1. Field of the Invention
The present invention is in the field of laser multiplexing, and in particular relates to the coherent beam combination of the output of multiple phase-locked optical amplifiers or lasers to produce a high-power diffraction-limited laser source.
2. Description of the Related Art
The peak far-field intensity produced by M phase-locked optical amplifiers or lasers of equal power can ideally be M times as great as the intensity produced by the same sources if their relative phases are random. This fact has motivated a great deal of work on achieving coherently phased optical sources. An example is a device which phases the output of 19 phase-locked diode lasers by sending this light through single-mode optical fibers. [L. Bartelt-Berger, U. Brauch, A. Giesen, H. Huegel, and H. Opower, "Power-scaleable system of phase-locked single-mode diode lasers," Appl. Opt. 38, 5752-5760 (1999).] Piezoelectric transducers are used to stretch the fibers so as to shift the optical phases. The optimal phases are maintained by means of an electronic feedback circuit.

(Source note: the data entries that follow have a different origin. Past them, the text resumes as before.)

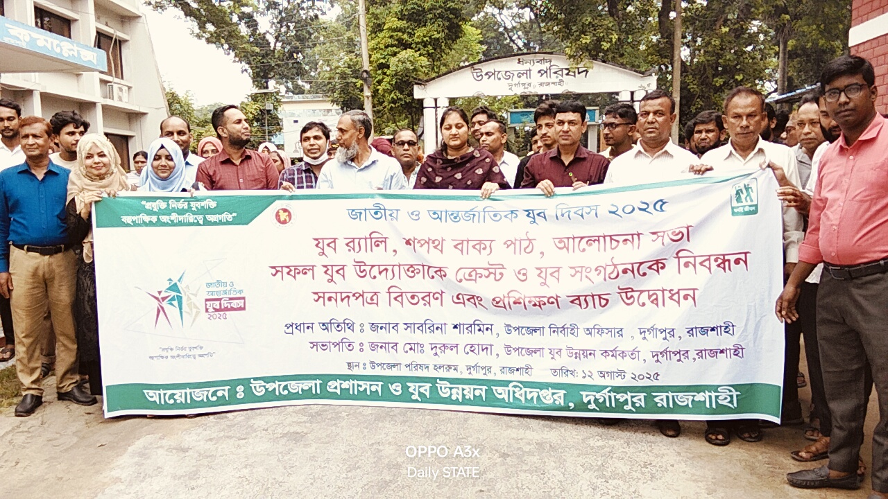 রাজশাহীর দুর্গাপুরে “প্রযুক্তি নির্ভর যুবশক্তি বহু পাক্ষিক অংশীদারিত্বে অগ্রগতি” এই প্রতিপাদ্যকে সামনে রেখে সারা দেশের ন্যায় নানা আয়োজনে জাতীয় ও আন্তর্জাতিক যুব দিবস ২০২৫ পালিত হয়েছে।
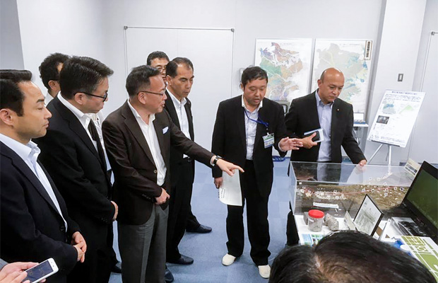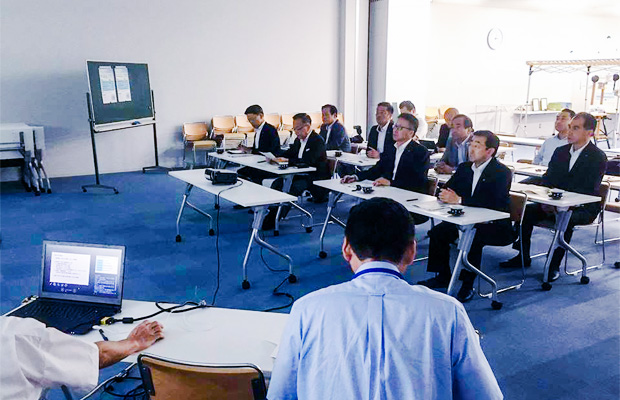 概要説明の後、都市暑さ対策や豊かな海づくり、生物多様性に関するパネルや模型、質量分析計などの試験室・機器を視察しました。
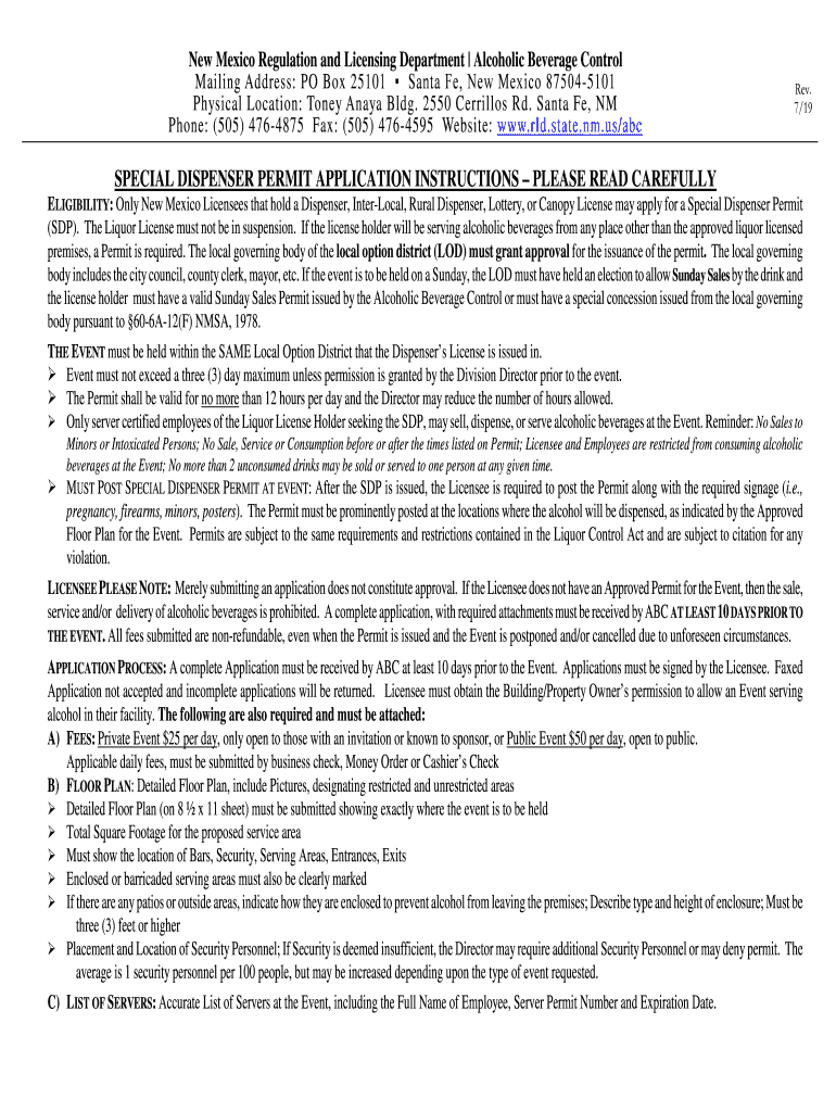 New Mexico Regulation and Licensing Department Alcoholic Beverage Control Mailing Address: PO Box 25101 Santa Fe, New Mexico 875045101 Physical Location: Money Ana ya Bldg. 2550 Carrillo Rd. Santa
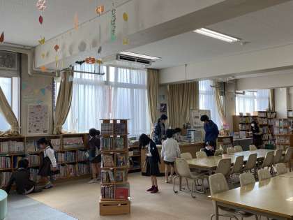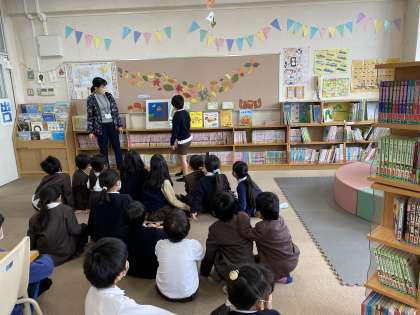 毎週水曜日は、「学校図書館補助員」の下澤さんに来ていただき、読み聞かせや本の紹介などをしてもらっています。その後、それぞれ好きな本を読んだり借りたりしました。
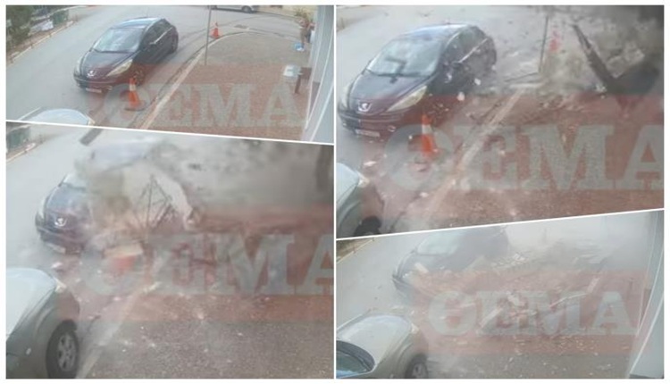 Безбедносните камери забележаа морничава сцена во Грција кога балкон падна на средина од улицата, речиси убивајќи жена.
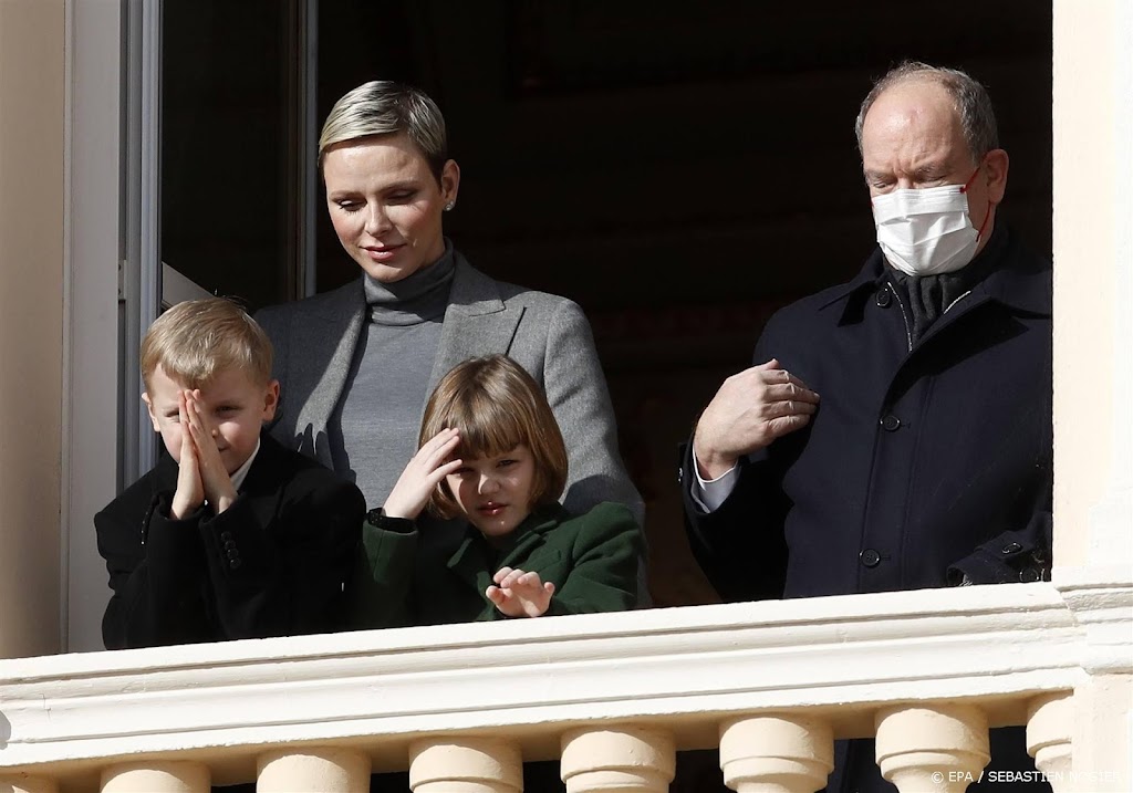 Albert had een mondkapje op en nam afstand van zijn vrouw Charlene en kinderen Gabriella en Jacques. Vanaf het balkon keek het gezin naar de parade en werd gezwaaid naar de aanwezigen.
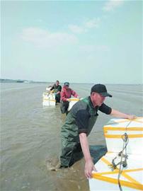 上午10时许,记者来到养殖滩涂,正赶上退大潮,20多名渔民集结在滩涂边。只见一辆满载蛏苗的箱货赶到后,渔民们忙着将蛏苗卸下车。 11时许,潮水退去,海边隐约露出泥滩,渔民将装有蛏苗的保温箱放到皮筏上。每个皮筏长约1.6米,宽约0.5米,而每个保温箱的蛏苗重约60斤,每个皮筏上装有三四箱蛏苗,渔民们便借着海水的浮力,推着蛏苗朝着放养区域艰难行进。
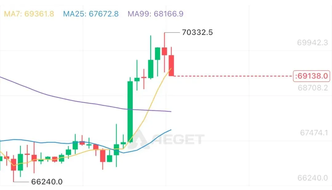 BTC于凌晨时段放量突破70000整数关口,随后进入高位震荡修复阶段,多空博弈加剧,盘面呈现冲高回踩、窄幅整理格局。短线虽有技术性回撤,但多头结构完整,主导权仍在多方,日内震荡整固完成后,价格具备进一步向上试探新高的动能。
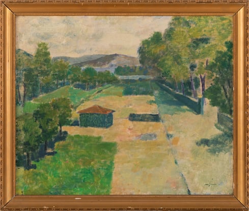 Peyzaj - Tuval üzerine yağlıboya, imzalı, 1950 ler, sertifikalı, kataloge - 50 x 60 cm - 1950
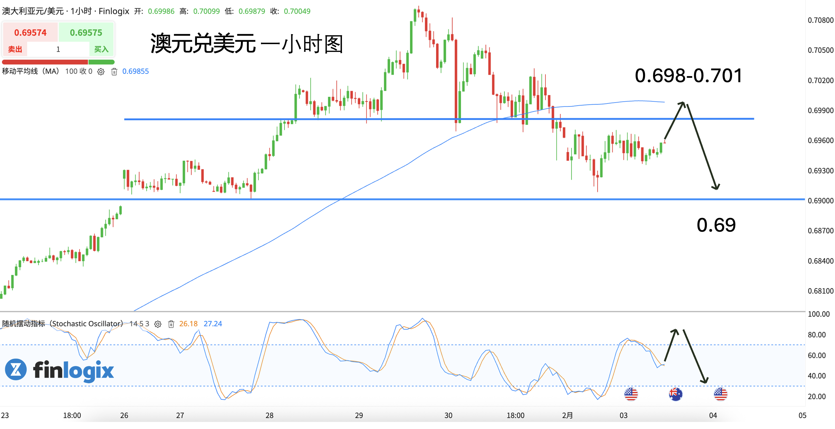 技术面:100均线转向水平,多头动能耗尽,且澳美已经跌破了关键的0.698颈线关口,不过在0.69前低点获得支撑。日内交易以回踩高位偏空为主。尤其关注大宗内盘金属价格的下跌动能,以及加息后的高位阻力。可以配合随机指标的超买区死叉,提高空单入场胜率。
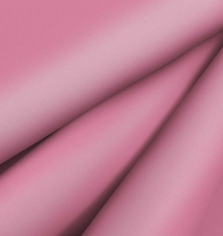 La tela base es Tela Impermeable - Outdoor, con un tejido técnico de 100% poliéster de 200 gr/m2 y un ancho de 150 cm. El color liso impreso es rosa esmalte de uñas, con un CMYK de 0 61 14 0. El color secundario proporciona una sensación suave y cálida, con una perspectiva emocional relacionada con la feminidad, la delicadeza y el amor. Combina especialmente con tonos pasteles, grises y verdes claros.
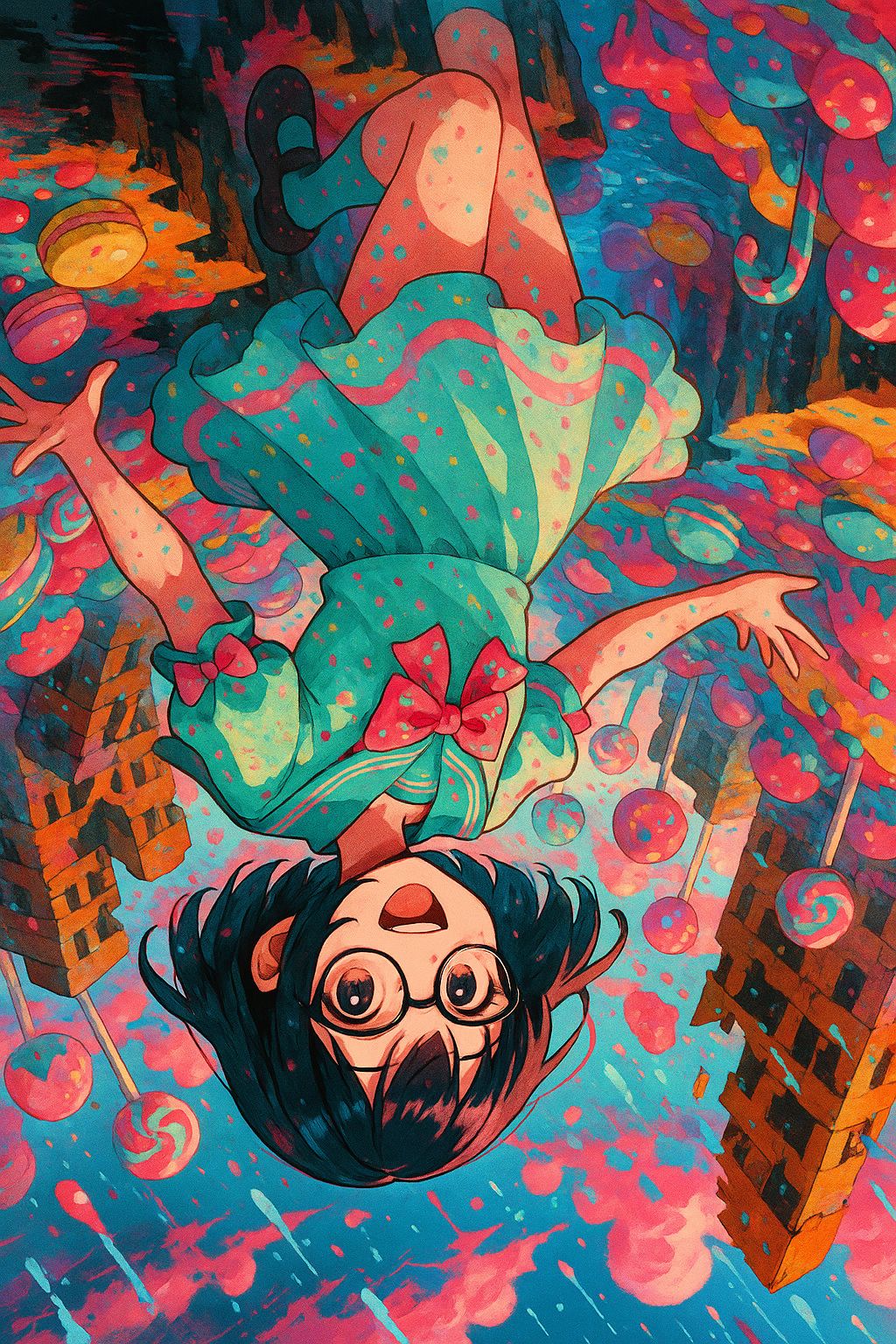 I sing as if the world is melting into pastel chaos at 140 BPM, My voice is playful but tinged with mischief, bouncing between sugary synth leads, distorted toy piano, and a glitchy drum kit that feels just slightly too fast, The genre is a hyperpop-nightmare hybrid, with bubblegum melodies twisted into unexpected minor turns, Between the sparkles and beats, there’s a lurking tension — like dancing on a candy-colored cliff just before it crumbles, ‑acoustic guitar strumming, ‑slow ballad tempo, ‑heavy metal riffs, ‑realistic orchestral strings, ‑country twang, ‑calm meditation pads
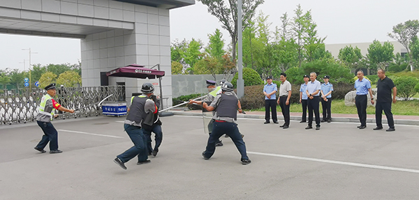 為切實提升應(yīng)對突發(fā)暴力恐怖事件的綜合指揮、快速反應(yīng)和協(xié)同作戰(zhàn)能力,6月25日,學(xué)院在高鐵新區(qū)校區(qū)組織駐校安保隊員開展反恐防暴應(yīng)急演練。滕州市公安局東沙河派出所所長趙凱,學(xué)院黨委委員、副院長朱景洋,山東華威保安集團有限公司及學(xué)院安全管理處部門人員現(xiàn)場觀摩活動。
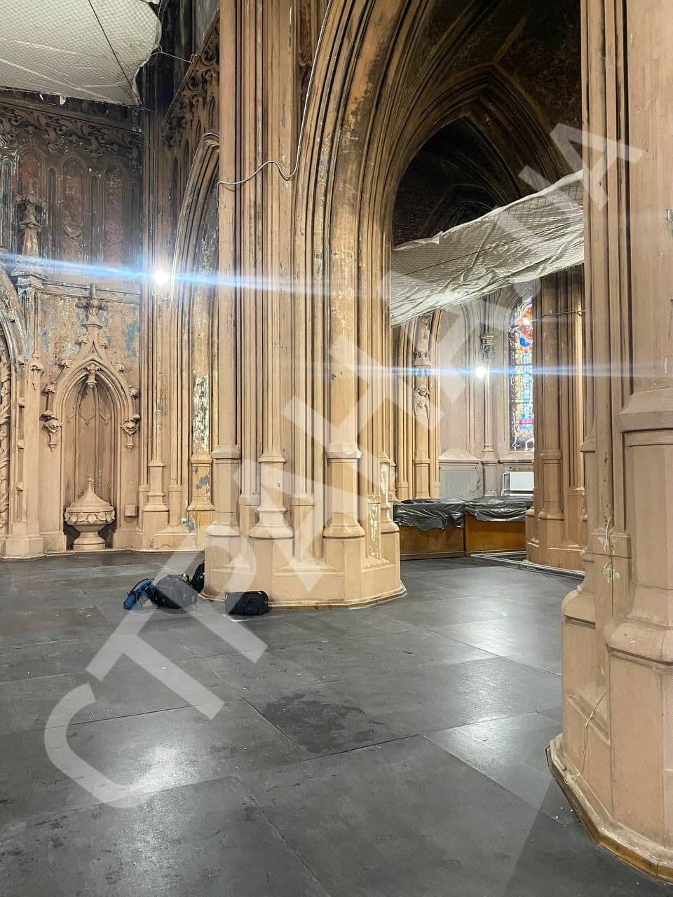 Корреспондент "Страны" побывал в восстановленном после пожара костеле. По его словам, изнутри он не производит впечатления полностью восстановленного - повсюду на стенах так и остаются следы копоти и очень отчетливо ощущается запах сажи.

Phase control is only one aspect of the problem of coherent beam combination. Generally the far-field of a phased array of emitters has power distributed partially into side lobes, so that the central peak contains only a fraction of the total power. To some extent this problem can be reduced by the use of microlens arrays which collimate the light from the individual sources when it has diffractively spread almost to the point of overlapping. [J. R. Leger, M. L. Scott, and W. B. Veldkamp, "Coherent addition of AlGaAs lasers using microlenses and diffractive coupling," Appl. Phys. Lett. 52, 1771-1773 (1988).] This increases the filling factor of the array, which is the ratio of the sub-beam diameters at their waists to the distance between beams. A large filling factor results in a greater fraction of far-field power in the central lobe. However, the microlens array does not produce a Gaussian beam, and the beam quality is not diffraction limited.
It is an object of the present invention to produce a high-power polarized Gaussian beam that is diffraction limited by multiplexing narrow-bandwidth phase-locked beams from multiple lasers or laser amplifiers. It is a further object to demultiplex a common optically encoded signal, such as a cable television signal, into multiple optical pathways.